This forward-looking sentiment is driving a rebound in the sector, with the Philadelphia Semiconductor Index rising late last week. The narrative is maturing from early capital-expenditure euphoria to a more rigorous assessment of balance sheets and return on investment. The focus is now on tangible results, such as enterprise adoption of Microsoft’s AI tools and the execution of high-stakes chip shipments to China from both Nvidia and its competitor AMD, which is expected to supply 40,000 to 50,000 of its MI308 accelerators to Alibaba.

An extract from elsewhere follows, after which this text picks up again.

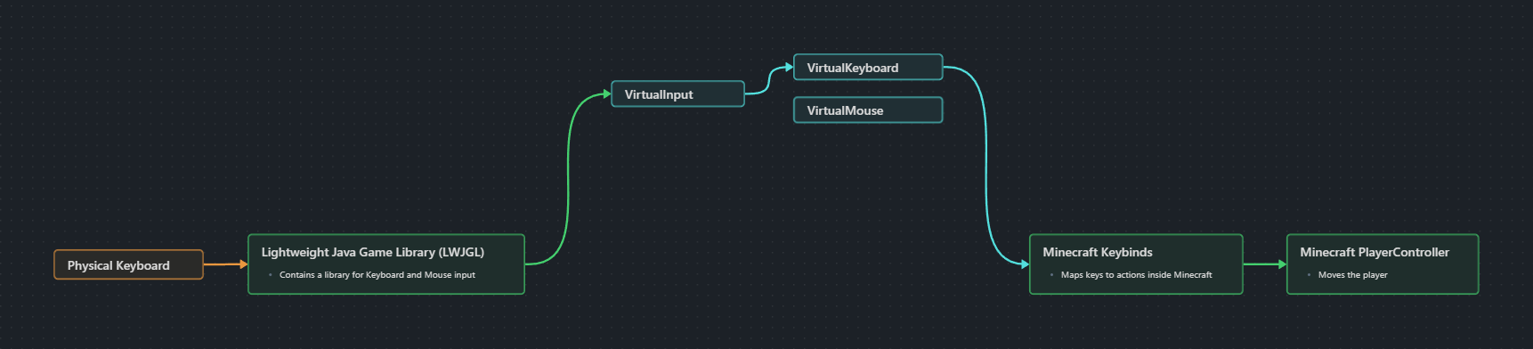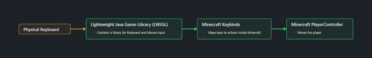This takes us to the target that we have chosen for our Input System. With this we have full control over Mouse and Keyboard, can support Gui screens and modded keybinds. Plus this method only pretends to be a keyboard inside of Minecraft so it will not have access to other programs.

Alphabet's $4.75B Energy Deal Signals New AI Bottleneck
The AI arms race is expanding beyond silicon to the power grid itself, creating a new competitive moat. Alphabet announced on December 22 its acquisition of clean energy developer Intersect for $4.75 billion in cash and assumed debt. The move is a direct response to the immense electricity demand from AI data centers, which is beginning to strain existing U.S. power infrastructure. Intersect has projects expected to represent about 10.8 gigawatts of capacity by 2028, effectively allowing Alphabet to verticalize a critical part of its AI supply chain.
This strategic purchase underscores a new reality for the tech sector: the ability to procure massive amounts of power is becoming as crucial as designing the most advanced chips. The AI buildout has driven global tech companies to issue a record $428.3 billion in bonds in 2025, nearly doubling the median debt-to-EBITDA ratio for large firms to 0.4. As capital discipline becomes a key theme for 2026, investors are scrutinizing not only who can innovate but who can sustainably fund and power the next phase of AI growth.